この記事は、夜勤で座りっぱなしになりがちな介護職員さんと、病院やケアマネさんとの面談で長時間椅子に座ることが多い家族介護中の方、両方に向けて書いています。
なぜ座ったままの仮眠で、お尻から太ももが痺れるのか
理学療法士として見ると、これはお尻の奥にある梨状筋という筋肉が、座り姿勢のまま長く圧迫され続けている状態に近いんですよね。梨状筋のすぐそばを、坐骨神経という太い神経が通っています。座り姿勢が続くと、骨盤が後ろに倒れて、片方のお尻に体重が偏ったまま固まりやすくなるんです。
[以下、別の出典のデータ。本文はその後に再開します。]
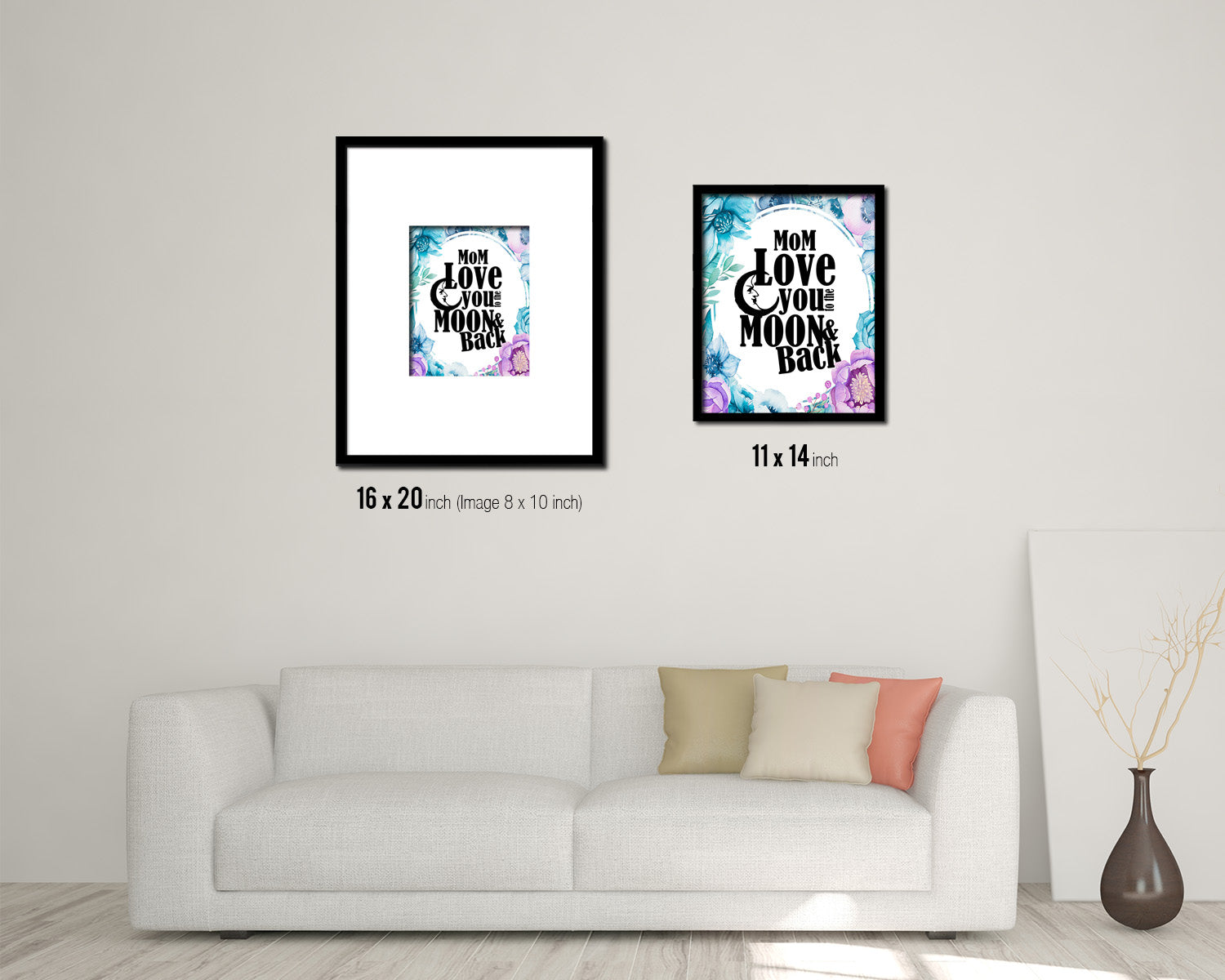 Mom love you to the moon and back Quote Boho Flower Framed Print Wall Decor Art

詰所の丸椅子は背もたれが低くて、骨盤がどうしても沈みやすいんですよね。仮眠の十五分、二十分のあいだ、無意識に脚を組んで丸まっている自分に、あとから気づいたことが何度もあります。移乗の介助で腰を落とした姿勢を繰り返した直後だと、なおさらです。
痺れは、体からの合図です。無視したまま急に立ち上がると、膝がガクッと崩れることもあるので、少し注意が必要なんですよね。

座る前と、痺れを感じたあとで整えること
仮眠に入る前、わたしは座面に手を置いて、坐骨が左右均等に当たっているかを三秒だけ確かめるようにしています。脚は組まず、両足のかかとを床につける。それだけで、骨盤の傾きがだいぶ違うんですよね。
スマホのアラームを二十分でセットして、途中で一度だけお尻の体重を左右にゆっくり揺らす。それだけの動きでも忘れがちなので、意識して続けています。
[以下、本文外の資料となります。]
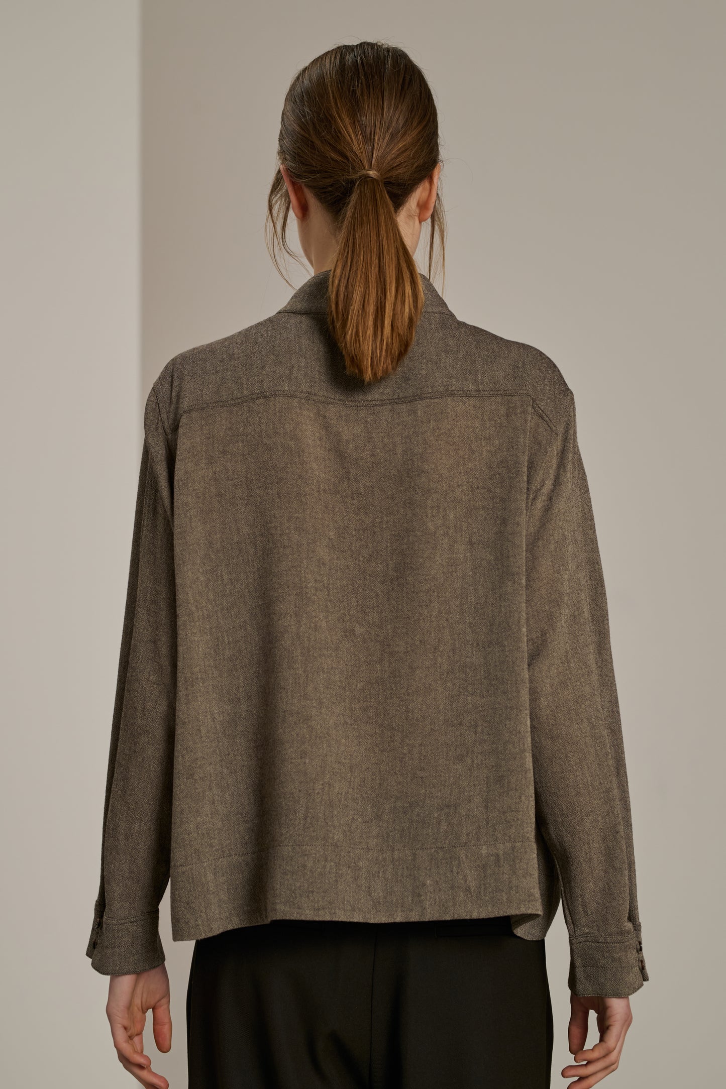BLOSSOM is a wool crepe blouse that combines sophistication and modernity. The subtle cuts on the front, shoulders and sleeves add a distinctive detail, perfect for a chic and contemporary style.

痺れを感じたときは、座ったまま片足を反対の膝の上にのせて、上体をゆっくり前に倒します。呼吸を止めずに二十秒、左右それぞれ。無理に伸ばそうとせず、股関節の奥がふわっとゆるむところで止めるくらいでいいんですよ。

母の面談の待合室でも、同じことが起きていた
先月、母のケアマネさんとの更新面談で、待合室の椅子に一時間近く座っていたことがありました。母が話す順番を待ちながら、わたしも足を組んで縮こまっていたんですよね。面談が終わって立ち上がったとき、太もも裏がジンジンして、母の車椅子を押す手にまで力が入りにくかったんです。
家族介護をしていると、自分の姿勢を整える余裕なんて、正直後回しになりがちです。それでもわたしは、あの日から面談中に一度だけかかとを上げ下げする癖をつけました。母は隣でわたしの動きを見て、ふふっと笑っていました。「そんなに落ち着かないの」って。

座りっぱなしの痺れは、我慢すればやり過ごせてしまう分、見逃しやすい合図でもあります。夜勤の詰所でも、面談の待合室でも、あなたの体が出している小さなサインに、今日は気づけていますか?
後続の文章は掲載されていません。